** Opening Records for this exercise block **

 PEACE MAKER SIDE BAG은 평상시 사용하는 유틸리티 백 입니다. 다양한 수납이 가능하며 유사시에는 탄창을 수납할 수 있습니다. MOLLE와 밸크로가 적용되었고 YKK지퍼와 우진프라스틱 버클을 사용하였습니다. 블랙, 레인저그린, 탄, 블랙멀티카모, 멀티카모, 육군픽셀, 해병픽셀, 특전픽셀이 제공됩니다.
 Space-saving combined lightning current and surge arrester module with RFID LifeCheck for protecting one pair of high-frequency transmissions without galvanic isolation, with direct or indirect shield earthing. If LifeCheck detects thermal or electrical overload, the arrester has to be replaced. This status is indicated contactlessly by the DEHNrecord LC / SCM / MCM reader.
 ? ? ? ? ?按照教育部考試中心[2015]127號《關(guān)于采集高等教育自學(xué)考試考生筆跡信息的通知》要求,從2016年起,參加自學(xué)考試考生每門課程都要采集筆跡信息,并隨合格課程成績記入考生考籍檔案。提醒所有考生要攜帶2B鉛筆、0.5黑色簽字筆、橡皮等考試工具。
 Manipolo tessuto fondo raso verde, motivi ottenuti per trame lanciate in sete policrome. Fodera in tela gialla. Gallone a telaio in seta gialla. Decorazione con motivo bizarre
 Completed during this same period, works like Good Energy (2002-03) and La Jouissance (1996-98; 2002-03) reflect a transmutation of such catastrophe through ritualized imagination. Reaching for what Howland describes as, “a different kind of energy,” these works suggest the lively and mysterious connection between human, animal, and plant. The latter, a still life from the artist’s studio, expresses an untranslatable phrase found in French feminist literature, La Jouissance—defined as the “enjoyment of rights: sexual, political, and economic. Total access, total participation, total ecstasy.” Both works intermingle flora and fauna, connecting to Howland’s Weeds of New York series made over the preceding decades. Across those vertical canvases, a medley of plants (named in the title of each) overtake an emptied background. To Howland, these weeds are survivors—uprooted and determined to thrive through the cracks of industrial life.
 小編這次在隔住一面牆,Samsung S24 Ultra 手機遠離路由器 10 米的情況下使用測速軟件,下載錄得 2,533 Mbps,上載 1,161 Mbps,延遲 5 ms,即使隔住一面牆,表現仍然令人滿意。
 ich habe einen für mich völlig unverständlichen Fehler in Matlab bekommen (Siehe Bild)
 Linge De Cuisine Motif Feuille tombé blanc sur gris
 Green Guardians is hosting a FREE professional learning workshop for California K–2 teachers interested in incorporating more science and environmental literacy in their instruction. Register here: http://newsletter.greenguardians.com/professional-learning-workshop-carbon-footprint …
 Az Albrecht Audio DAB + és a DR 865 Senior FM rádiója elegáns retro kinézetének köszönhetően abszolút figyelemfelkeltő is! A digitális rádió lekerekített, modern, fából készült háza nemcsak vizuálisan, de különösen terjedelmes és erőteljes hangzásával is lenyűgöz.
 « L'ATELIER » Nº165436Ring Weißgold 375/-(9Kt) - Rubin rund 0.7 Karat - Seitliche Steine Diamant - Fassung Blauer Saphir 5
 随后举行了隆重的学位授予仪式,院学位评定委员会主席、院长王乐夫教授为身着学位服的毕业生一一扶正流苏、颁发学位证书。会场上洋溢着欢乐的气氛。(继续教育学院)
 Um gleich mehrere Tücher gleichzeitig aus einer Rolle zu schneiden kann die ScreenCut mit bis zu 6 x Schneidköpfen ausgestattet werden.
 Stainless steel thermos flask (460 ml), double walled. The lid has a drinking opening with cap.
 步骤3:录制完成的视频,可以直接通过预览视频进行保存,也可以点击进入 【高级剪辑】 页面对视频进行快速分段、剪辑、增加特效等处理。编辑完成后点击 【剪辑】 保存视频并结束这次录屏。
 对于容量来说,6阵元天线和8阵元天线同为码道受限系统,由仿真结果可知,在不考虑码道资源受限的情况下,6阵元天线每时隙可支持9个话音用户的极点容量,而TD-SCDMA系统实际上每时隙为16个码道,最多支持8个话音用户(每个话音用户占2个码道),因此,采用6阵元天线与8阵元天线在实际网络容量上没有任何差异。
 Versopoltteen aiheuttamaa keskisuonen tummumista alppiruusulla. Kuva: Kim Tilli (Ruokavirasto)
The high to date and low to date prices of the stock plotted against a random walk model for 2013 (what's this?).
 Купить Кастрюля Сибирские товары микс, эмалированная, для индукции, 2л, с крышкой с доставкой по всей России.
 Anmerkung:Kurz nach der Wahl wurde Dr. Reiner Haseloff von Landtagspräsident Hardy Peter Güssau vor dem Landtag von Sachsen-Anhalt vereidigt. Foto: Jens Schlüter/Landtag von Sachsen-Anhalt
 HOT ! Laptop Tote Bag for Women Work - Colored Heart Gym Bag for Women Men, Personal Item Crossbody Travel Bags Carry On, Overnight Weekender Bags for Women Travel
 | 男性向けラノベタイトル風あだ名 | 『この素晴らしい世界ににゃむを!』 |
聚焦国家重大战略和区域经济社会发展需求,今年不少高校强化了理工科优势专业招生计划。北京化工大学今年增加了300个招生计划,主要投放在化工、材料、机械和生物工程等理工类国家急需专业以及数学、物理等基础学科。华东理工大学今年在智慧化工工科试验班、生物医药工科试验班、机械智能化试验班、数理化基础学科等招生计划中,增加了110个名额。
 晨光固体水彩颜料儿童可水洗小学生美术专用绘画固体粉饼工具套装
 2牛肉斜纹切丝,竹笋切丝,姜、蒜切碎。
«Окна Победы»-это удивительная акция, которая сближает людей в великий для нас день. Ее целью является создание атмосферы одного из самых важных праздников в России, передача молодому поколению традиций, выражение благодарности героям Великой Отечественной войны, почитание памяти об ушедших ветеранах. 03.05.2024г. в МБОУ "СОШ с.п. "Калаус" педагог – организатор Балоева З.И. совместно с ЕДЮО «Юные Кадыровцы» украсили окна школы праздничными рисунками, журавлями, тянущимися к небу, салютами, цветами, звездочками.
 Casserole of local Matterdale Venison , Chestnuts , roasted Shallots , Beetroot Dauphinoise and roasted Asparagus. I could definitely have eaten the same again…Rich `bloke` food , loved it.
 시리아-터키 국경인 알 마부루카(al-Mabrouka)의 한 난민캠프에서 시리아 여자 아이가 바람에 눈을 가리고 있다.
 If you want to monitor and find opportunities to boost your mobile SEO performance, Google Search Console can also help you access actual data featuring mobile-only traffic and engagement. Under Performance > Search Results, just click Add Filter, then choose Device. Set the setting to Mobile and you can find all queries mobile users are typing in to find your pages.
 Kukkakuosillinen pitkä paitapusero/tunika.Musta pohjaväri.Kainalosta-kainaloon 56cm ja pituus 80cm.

** Closing Records for this exercise block **

→ What this task involves
Please copy, exactly and with nothing else, the lines above beginning at the line that has "Blauer Saphir 5" and ending with the line that has "Um gleich mehrere".

→ Task result
 « L'ATELIER » Nº165436Ring Weißgold 375/-(9Kt) - Rubin rund 0.7 Karat - Seitliche Steine Diamant - Fassung Blauer Saphir 5
 随后举行了隆重的学位授予仪式,院学位评定委员会主席、院长王乐夫教授为身着学位服的毕业生一一扶正流苏、颁发学位证书。会场上洋溢着欢乐的气氛。(继续教育学院)
 Um gleich mehrere Tücher gleichzeitig aus einer Rolle zu schneiden kann die ScreenCut mit bis zu 6 x Schneidköpfen ausgestattet werden.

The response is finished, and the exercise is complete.